- Qeshlaq-e Hajji Dowlat Badar
- Coordinates: 39°25′03″N 47°39′40″E﻿ / ﻿39.41750°N 47.66111°E
- Country: Iran
- Province: Ardabil
- County: Parsabad
- District: Eslamabad
- Rural District: Shahrak

Population (2016)
- • Total: 28
- Time zone: UTC+3:30 (IRST)

= Qeshlaq-e Hajji Dowlat Badar =

Village in Ardabil province, Iran

Qeshlaq-e Hajji Dowlat Badar (قشلاق حاجي دولت بدر) (Note: Also romanized as Qeshlāq-e Ḩājjī Dowlat Badar) is a village in Shahrak Rural District of Eslamabad District in Parsabad County, Ardabil province, Iran.

==Demographics==
===Population===
At the time of the 2006 National Census, the village's population was 19 in four households, when it was in Qeshlaq-e Shomali Rural District (Note: Renamed Owltan Rural District) of the Central District.
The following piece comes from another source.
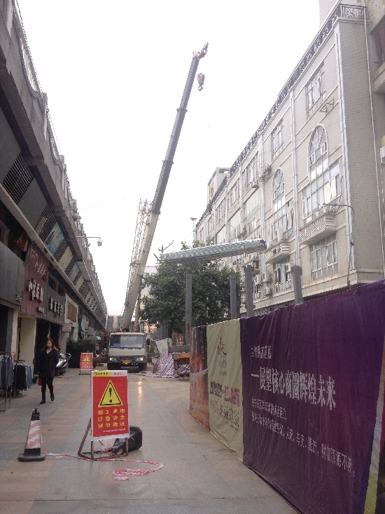 ????據悉,根據鴛江麗港特色街升級改造一期工程規劃,在鴛江麗港1號樓南側長約150米的步行街建起以鋼結構為主體、玻璃為間隔的綜合性商鋪。昨日,記者在施工現場看到,數根直徑約半米的巨型鋼條已矗立在地面,一臺大型吊機正配合施工人員運輸鋼條等建材。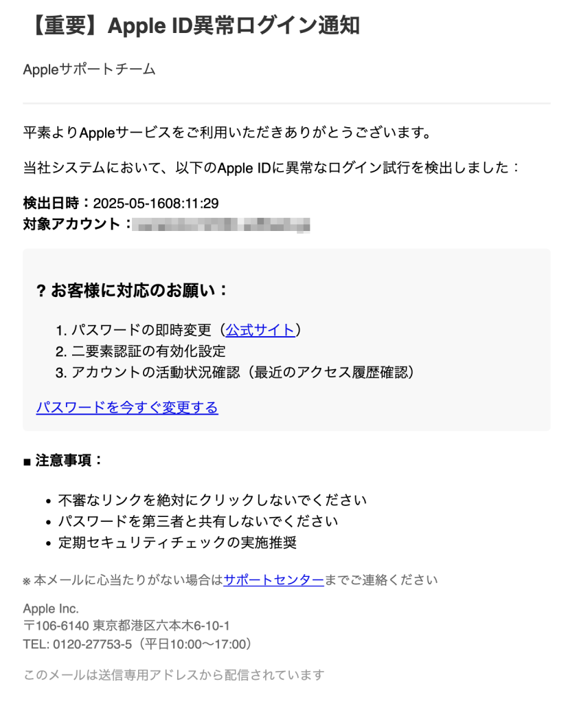 当社システムにおいて、以下のApple IDに異常なログイン試行を検出しました:

The following census in 2011 counted 25 people in six households. The 2016 census measured the population of the village as 28 people in nine households, by which time the village had been separated from the rural district in the formation of Eslamabad District. Qeshlaq-e Hajji Dowlat Badar was transferred to Shahrak Rural District created in the new district.